Now, you might want to know your monthly in-hand salary. The formula for which would be your annual in-hand salary / 12. Which means, 

INR 3,70,000- INR 4,00,000 per annum/12 = INR 30,833- INR 33,333. 

Components of CTC

More or less CTC structure for most companies are same. However, there are some exceptions in the structure, depending on the company’s policies. CTC comprises some essential components

Basic Pay

The core component of CTC. Typically, 40%-50% of the total CTC is accounted for basic pay. It is the fixed component of CTC. 

Grade Pay

It is mainly seen in the government sector.

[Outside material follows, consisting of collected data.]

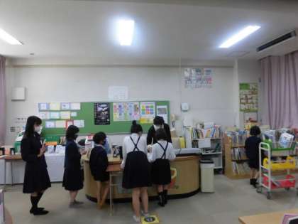 1組が図書の時間に図書室にきています。今年度より本を2冊借りることができます。たくさん本を読もうね!
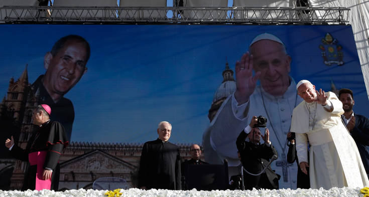 Η Σικελία χρειάζεται, είπε, «άντρες και γυναίκες της αγάπης, όχι άντρες και γυναίκες της τιμής». Αυτά ανέφερε κατά την επίσκεψή του στο Παλέρμο ο Πάπας Φραγκίσκος, εκεί που το 1993 η Μαφία είχε δολοφονήσει τον ιερωμένο Giuseppe Puglisi, καθώς προσπάθησε να προκαλέσει αναταραχή σε μια από τις πιο δύσκολες γειτονιές της πόλης και να απειλήσει την πρωτοκαθεδρία της Μαφίας.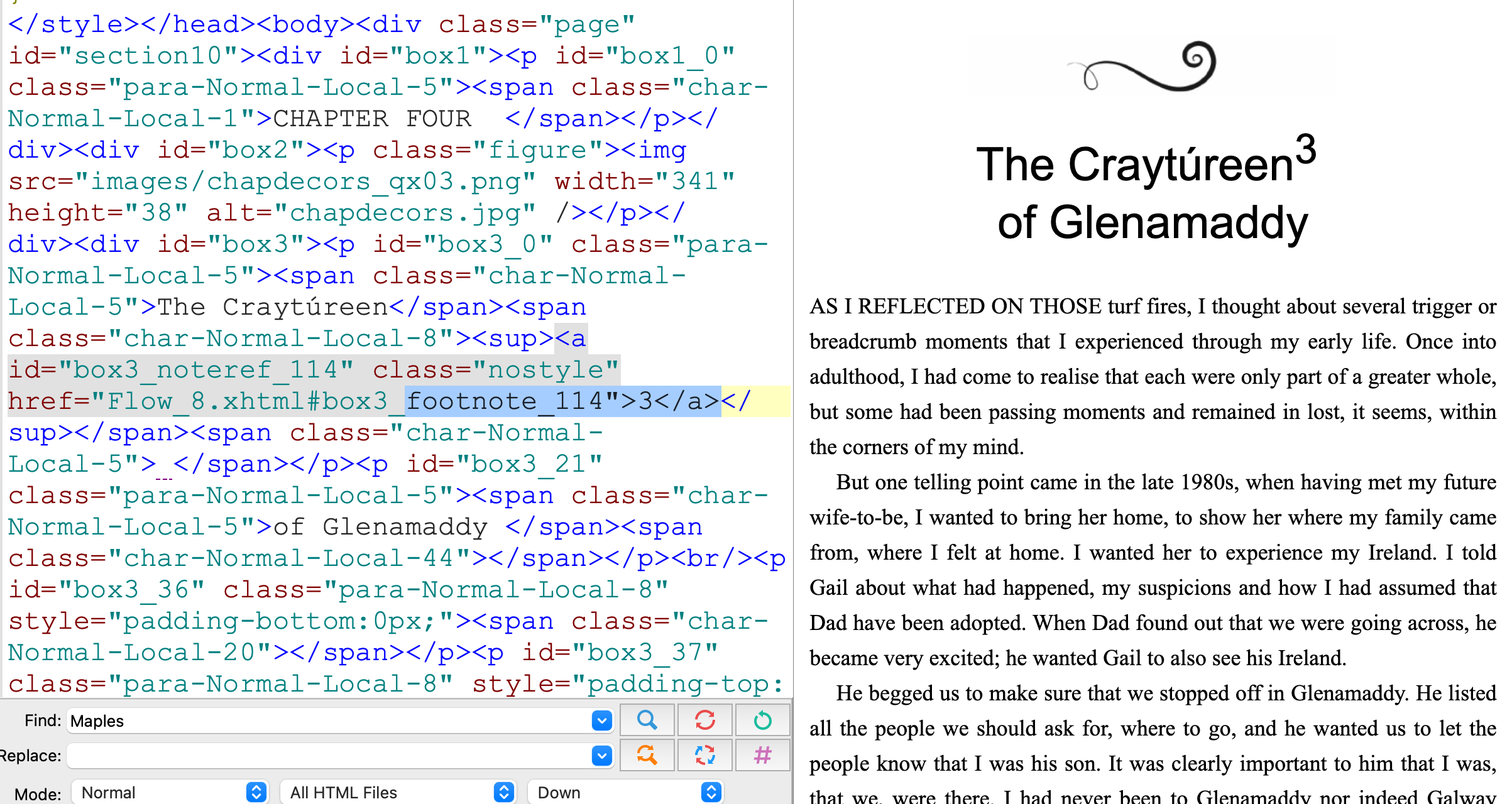 thanks David as per screenshot: <p id="box3_0" class="para-Normal-Local-5"><span class="char-Normal-Local-5">The Craytúreen</span><span class="char-Normal-Local-8"><sup><a id="box3_noteref_114" class="nostyle" href="Flow_8.xhtml#box3_footnote_114">3</a></sup></span><span class="char-Normal-Local-5">*</span></p><p id="box3_21" class="para-Normal-Local-5"><span class="char-Normal-Local-5">of Glenamaddy </span><span class="char-Normal-Local-44"></span></p> |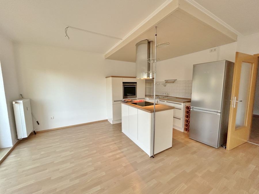 - offener Wohn-, Ess- und Kochbereich mit Laminat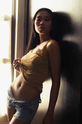 There's just something very spellbinding here; maybe it's the naturally charming model with healthy physique and relaxed expression (her soulful gaze contributes a great deal here) or unique layout of elements beside her (the thick curtains and that unique oil painting). Anyway it really grabs attention and doesn't let go.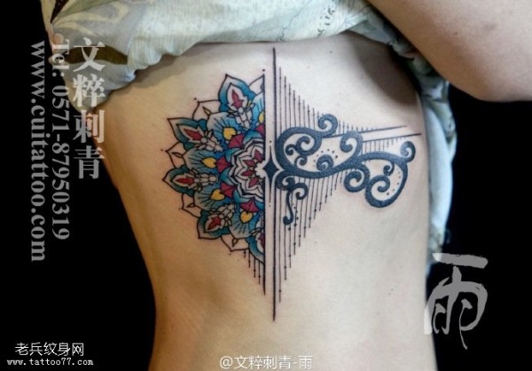 女性腰部莲花花纹刺青_腰部纹身图案大全_纹身图吧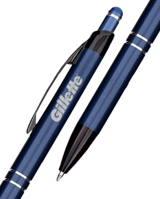 Caneta em metal com design moderno, possui clip e ponta em plástico, além de detalhe emborrachado no topo para interação com dispositivos de telas sensíveis ao toque. Conta com acionamento por clique e carga esferográfica azul de 1,0 mm, oferecendo escrita confortável e precisa. Ideal como brinde corporativo funcional e elegante.
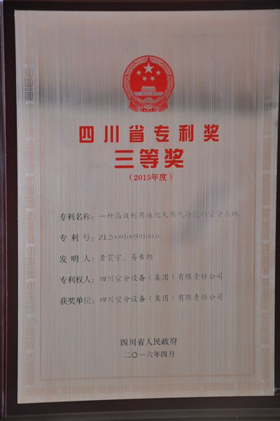 我公司黃震宇、易希朗的發(fā)明專利“一種高效利用液化天然氣冷能的空分系統(tǒng)”被四川省政府授予四川省專利三等獎(jiǎng)。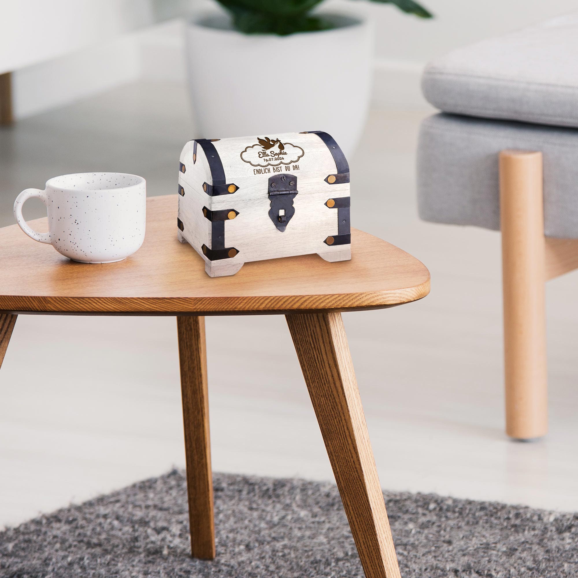 Unsere weiße Holz-Schatztruhe mit Gravur zur Geburt ist nicht nur ein Geschenk, sondern ein Symbol der Freude und des Glücks, das die Ankunft eines neuen Familienmitglieds verkündet. Mit einem liebevoll gestalteten Storch-Motiv auf der Oberfläche strahlt sie Eleganz und Tradition aus, während die individuelle Gravur mit dem Namen des Neugeborenen und dem Geburtsdatum eine persönliche Note verleiht. Diese Schatztruhe bietet eine stilvolle Möglichkeit, Geldgeschenke für Jungen und Mädchen zu präsentieren, während sie gleichzeitig als zeitloses Erinnerungsstück fungiert, das den Beginn eines neuen Lebensabschnitts gebührend feiert.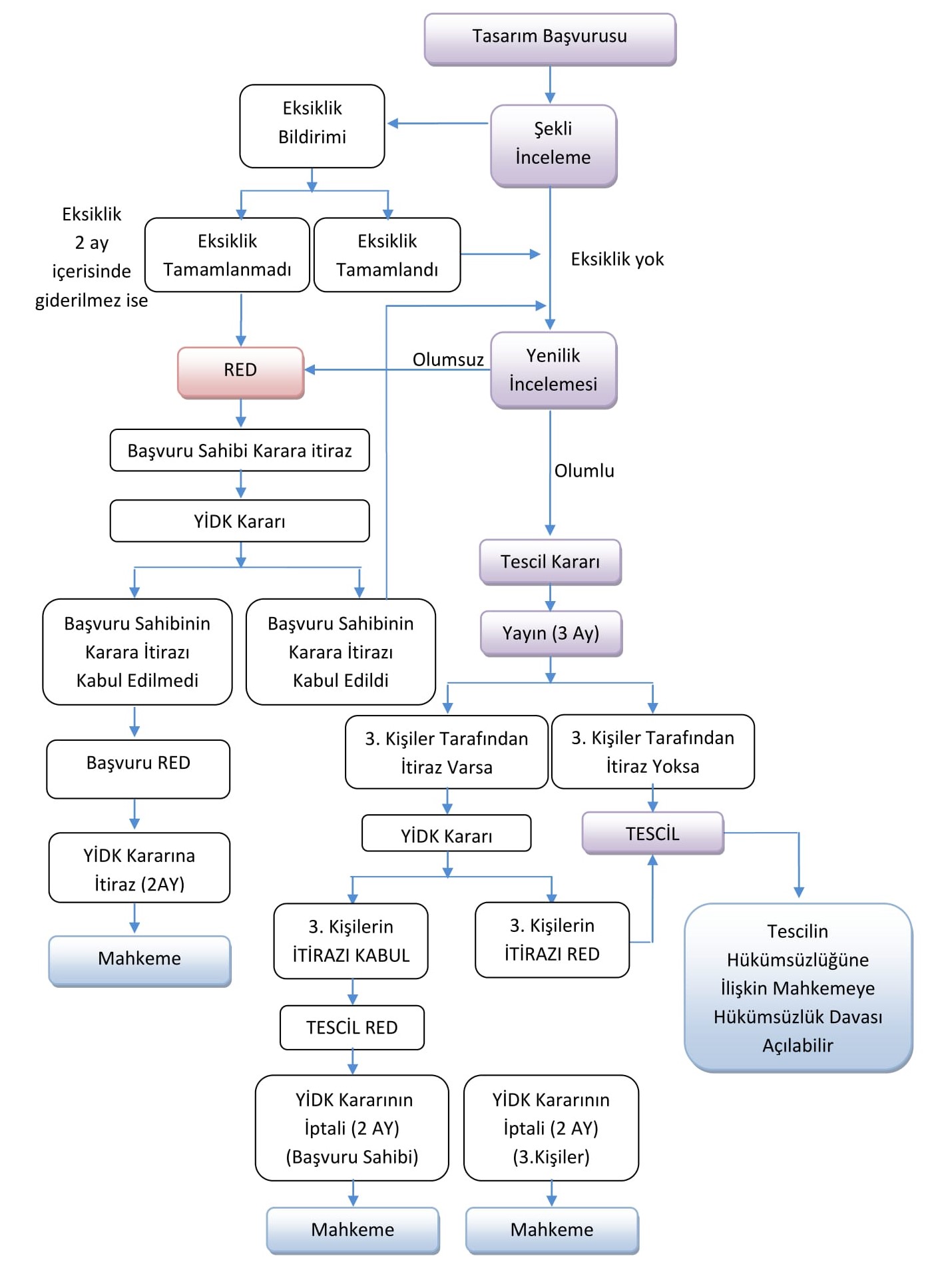 TPK yapılan başvuruyu öncelikle şekilsel olarak inceler. Bu inceleme yaklaşık 1 ay sürer. Sonrasında TPK başvuruyu Endüstriyel Tasarım Bülteni adı verilen yayında kamuoyunun bilgisine açar. Tasarımlar bu bültende 3 ay boyunca 3. şahısların itirazlarına açıktır. Herhangi bir itiraz gelmemesi durumunda TPK tasarımın belgeye bağlanıp tesciline karar verir. Toplamda bu süreç yaklaşık 5-6 ay sürer.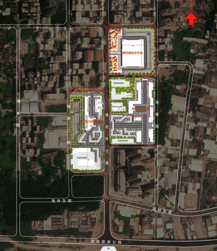 (三)博賀鎮(zhèn)美麗圩街,規(guī)劃總用地面積約52065.82㎡(約78.1畝),規(guī)劃有博賀鎮(zhèn)綜合市場周邊道路硬底化、瀝青攤鋪人行道鋪設(shè)綠化等美化提升、博賀圩美食街以及公園、道路風(fēng)貌提升、翠湖路雨污管網(wǎng)、道路建設(shè)等。總建筑面積2784.75㎡。見附圖。
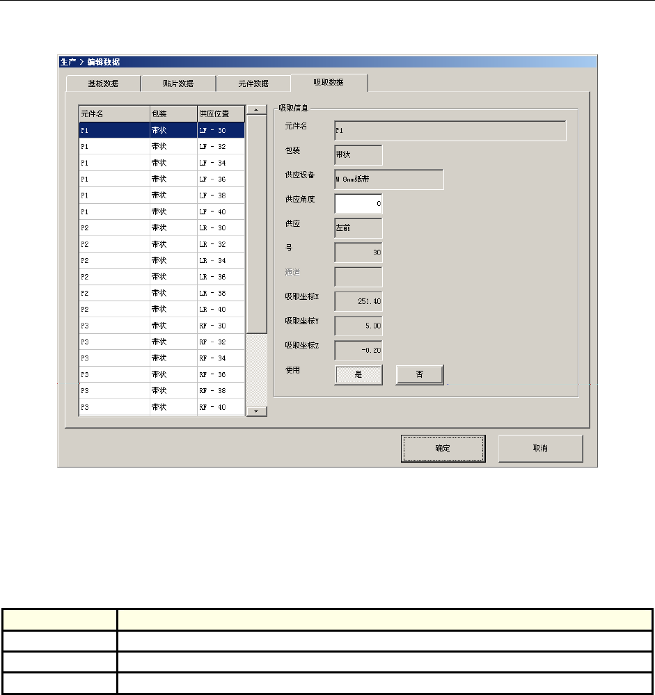 使用 选择进行生产时,是否从该位置吸取元件。 操作员
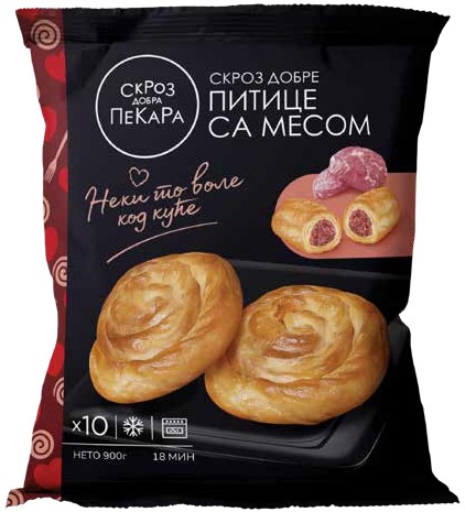 Zloženie: pšeničná múka T-400, voda, mäsová náplň 32 %, (voda, zemiaky na kocky, olej, sušená cibuľa, modifikovaný kukuričný škrob, prídavok do jedál so zeleninou, soľ) 57,55 %, cukor, sušená zelenina, ( 10,6 %), mrkva, paštrnák, cibuľa, zeler, čierne korenie mleté, palmový olej, slnečnicový olej, soľ, tekutý kvások, voda, pšeničná múka T-500, pšeničný kvások prášok, kyselina mliečna E 270, ječný draselný E 202, kyselina askorbová (E 300), cukor, zmes múky a ďalšie zložky na pečenie. pšeničný lepok, prostriedok na úpravu múky E 920.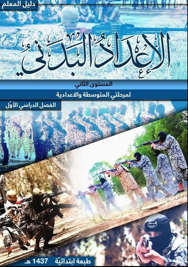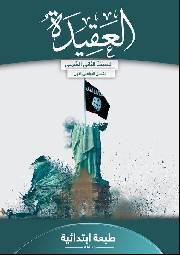 جلد کتابهای گروه تروریستی داعش حاوی تصاویری از مجسمه سربریده آزادی و نیز جنگجویی با کلاشنیکف است.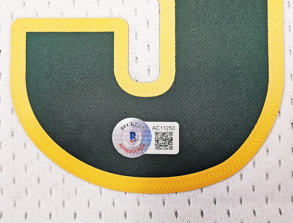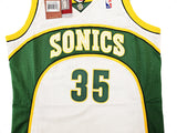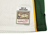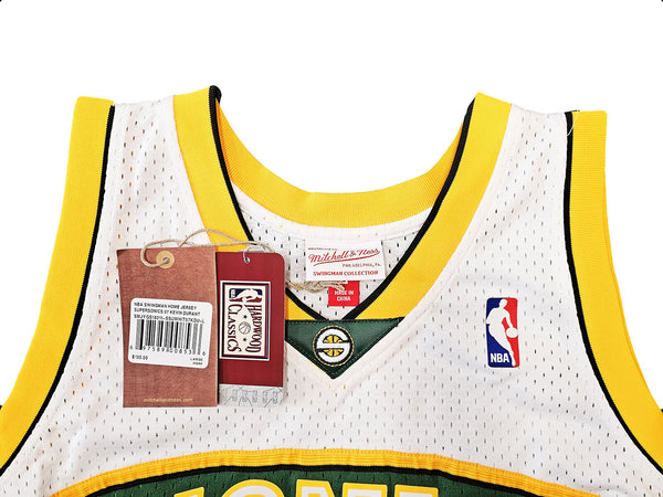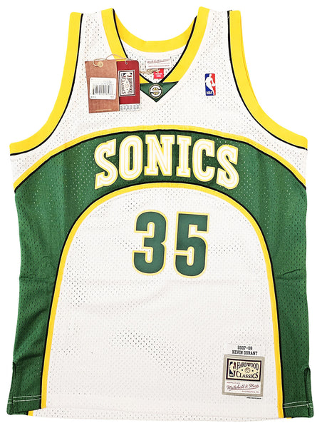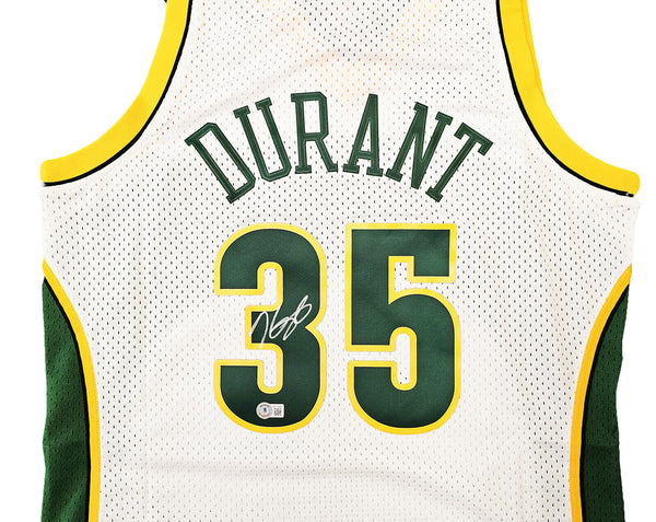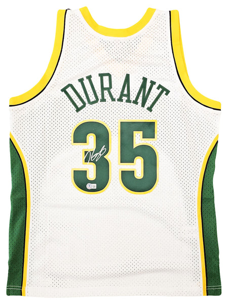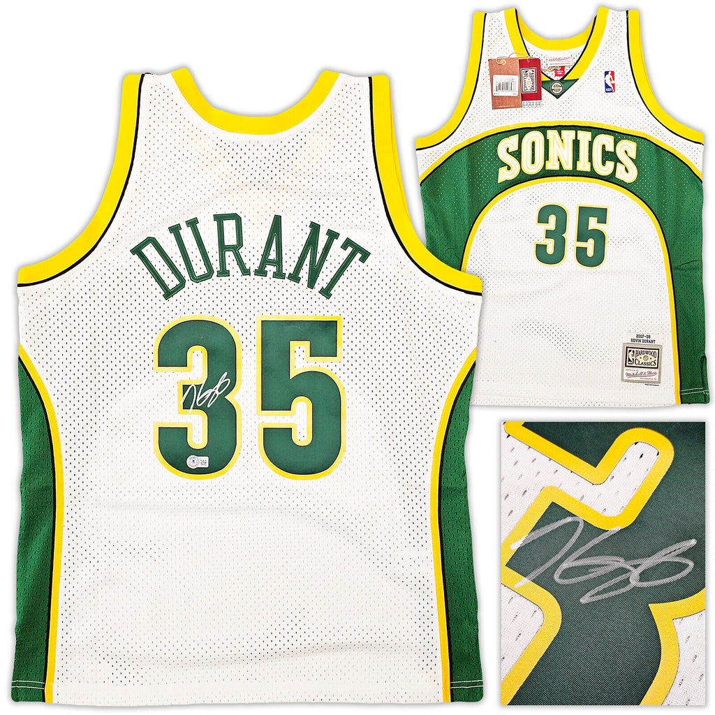 This is a White Authentic Mitchell & Ness Seattle Supersonics Swingman 2007-08 Jersey that has been hand signed by Kevin Durant. This jersey is Size L. This item has been certified authentic by Beckett Authentication (BAS) and comes with their tamper-proof QR Code sticker that can be verified on beckett-authentication.com.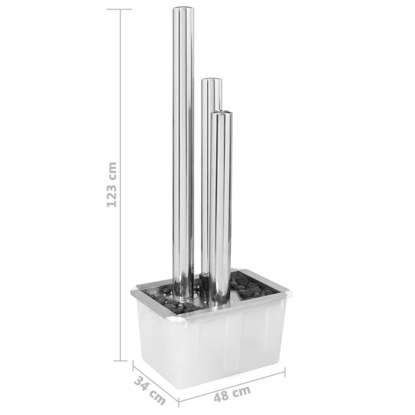 Kiiltävästä 304 ruostumattomasta teräksestä valmistetussa puutarhan suihkulähteessämme on kolme sylinteriä, LED-valo ja pumppu. Se muuttaa puutarhasi tai terassisi paikaksi, jossa voit rentouttaa silmiäsi ja korviasi.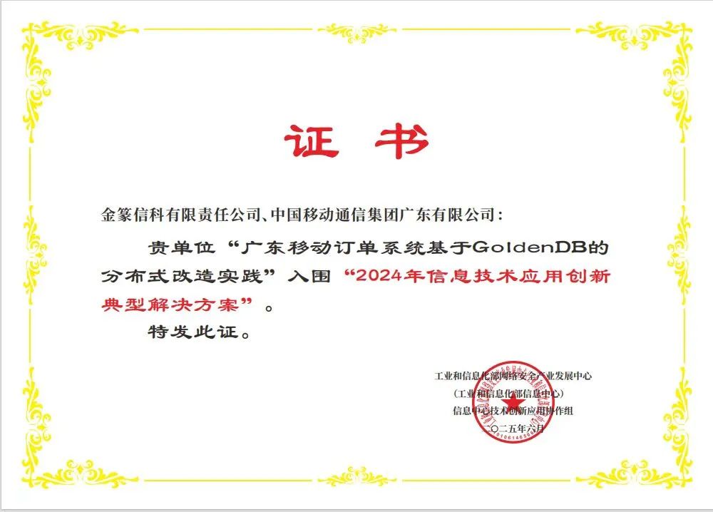 值得一提的是,这是金篆数据库GoldenDB连续第5年入围工信部信息技术应用创新典型解决方案。过去4年,金篆数据库GoldenDB申报的“银行核心系统分布式数据库解决方案”、联合中移动信息技术有限公司申报的“中国移动全网客户中心数据库自主创新实践”、申报的“面向关键行业重点应用的国产信创分布式数据库解决方案”、联合浙江移动申报的“浙江移动核心账务系统基于GoldenDB的分布式改造实践”先后入选。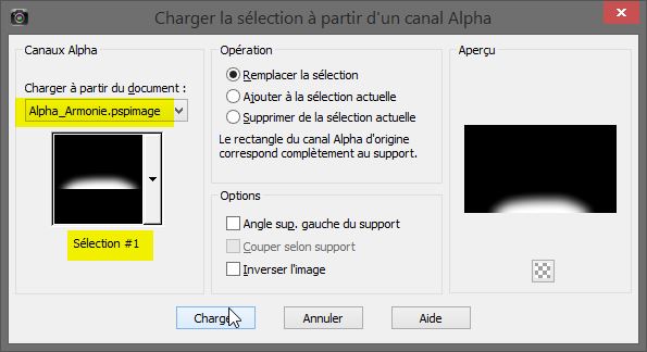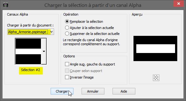 Sélection/charger à partir du canal alpha la sélection 2
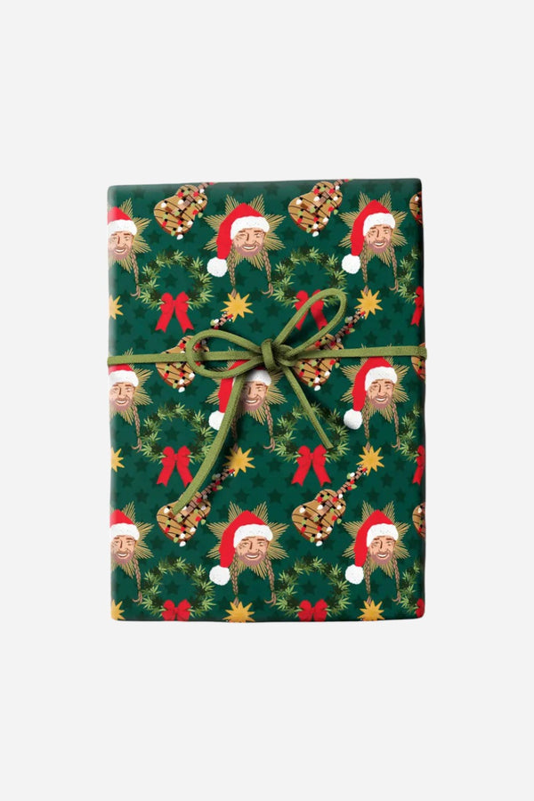 - Each sheet is 20" x 29", printed on sturdy 70lb paper and features a pattern of illustrated Willies adorned in a Santa hat, surrounded by pot leaf wreaths and his beloved guitar, Trigger decorated like a Christmas tree on a dark green background.

This payment is based on the seniority of the employees. 

Allowance

Allowances are a part of the CTC that employees get when they carry out certain expenses of the company. Allowances are paid to employees in one of three ways: partially, fully or non-taxable. Some allowances are provided on the basis of the employee’s designation, while others are offered anyway. 

Conveyance Allowance

Many companies have a policy to offer conveyance allowances to employees. When an employee pays the travel expenses from home to the workplace, the company can add the amount to the employee’s allowance tab. 

Medical Allowance

Another important part of the CTC is medical allowance. This allowance is eligible for tax exemption if medical bills are submitted at timelines that the employer provides. Usually, the exemption from this allowance is claimed for medical expenses incurred by the employees, their better halves, children and dependent family members. 

HRA

The full form of HRA is House Rent Allowance. It is included as a part of the house rent expenditure that the employee will spend for living. If the company has offices spread across different parts of the city, the HRA will vary, depending on the living cost in the particular area. 

Conclusion

Remember, your CTC is not your in-hand salary. Rather, it is a part of it that you get after a couple of deductions, allowances and benefits. If you have trouble calculating your in-hand salary from your current CTC, you can use a calculator. The formula is to subtract the total deductions from your gross salary.